连霄发出一声长长的叹息,似乎回头向蓝色的床帘看了一眼,摇了摇头:“等他醒了再说吧。”
关忻拥着外套慢吞吞地坐起来,全身被车轮来回碾过一样,难以启齿的地方上了药,凉意阵阵,但根本坐不住。更糟糕的事情都已发生,此刻也没什么尴尬,抬手拉帘子到一半,被连霄接了过去拉了个完全。
关忻目光划过连霄,落在医生身上,说:“开药吧。”
交钱拿药,听医生交代完副作用,再到吃药,关忻像得了一场小感冒似的,平如秋水,静如寒玉;唯有那双眼睛,邃密深沉,淡泊收敛,叫人看不穿。
连霄相对更了解他,应要求扒下裙子后,看着记忆中白腻的身体不堪入目,红肿发炎,心口堵了块铅;他等着关忻醒后一如少年时期崩溃嘶吼脆弱大哭,却全没等到,他忽然意识到,他再也等不到关忻更大的情绪流露了。
出了医院,坐回车里,连霄问:“去哪儿?”
关忻攥紧了药袋,说:“回家。”
说完,报了市区房子的地址。连霄看了他一眼,没多话,发动车子向目的地行驶。大雪纷飞,车速缓慢,流光溢彩的街景一格一格地后退,连霄调大了空调,可关忻全没有软化的迹象,整个人像经受了冻雨的树叶,表面结了一层厚厚的透明的冰壳,无色琥珀似的,困在其中,僵硬窒息。

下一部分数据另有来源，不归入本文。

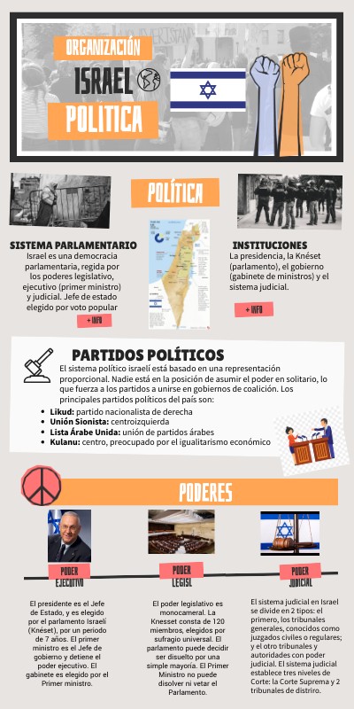 Israel es una democracia parlamentaria, regida por los poderes legislativo, ejecutivo (primer ministro) y judicial. Jefe de estado elegido por voto popular

到了楼下,关忻说了声“谢谢”,把连霄的外套留下,然后下车上楼;连霄匆匆停好车,带上外套,冒着风雪追上去:“月明!”
关忻站在雪里,直愣愣地回头。连霄给他裹上外套,抓着胳膊往单元门里带:“我跟你上去,你这样儿我不放心。”
关忻抽回胳膊:“你回去吧,一会儿雪下大了不好走。”
“你这样儿我怎么走?”
关忻说:“我想一个人待会儿。”脱下外套递过去,“我到家了,你把衣服穿好,别感冒了。”
连霄欲言又止,默默伸手接过,断言的空档,关忻已进了电梯,连霄等着电梯在楼层停稳当,套上衣服转身回了车。
关忻进家门,开灯,阔别两个月,一毫一寸一如既往,屋子焖得暖烘烘的,熟悉自在的氛围扑面而来。沙发上的三花猫玩偶撅着屁股瞧他,不知什么时候从沙发扶手上摔下来的,树懒闪电坐在五斗橱上咧着大嘴笑话他,看来没人在的日子,他们自娱自乐过得挺好。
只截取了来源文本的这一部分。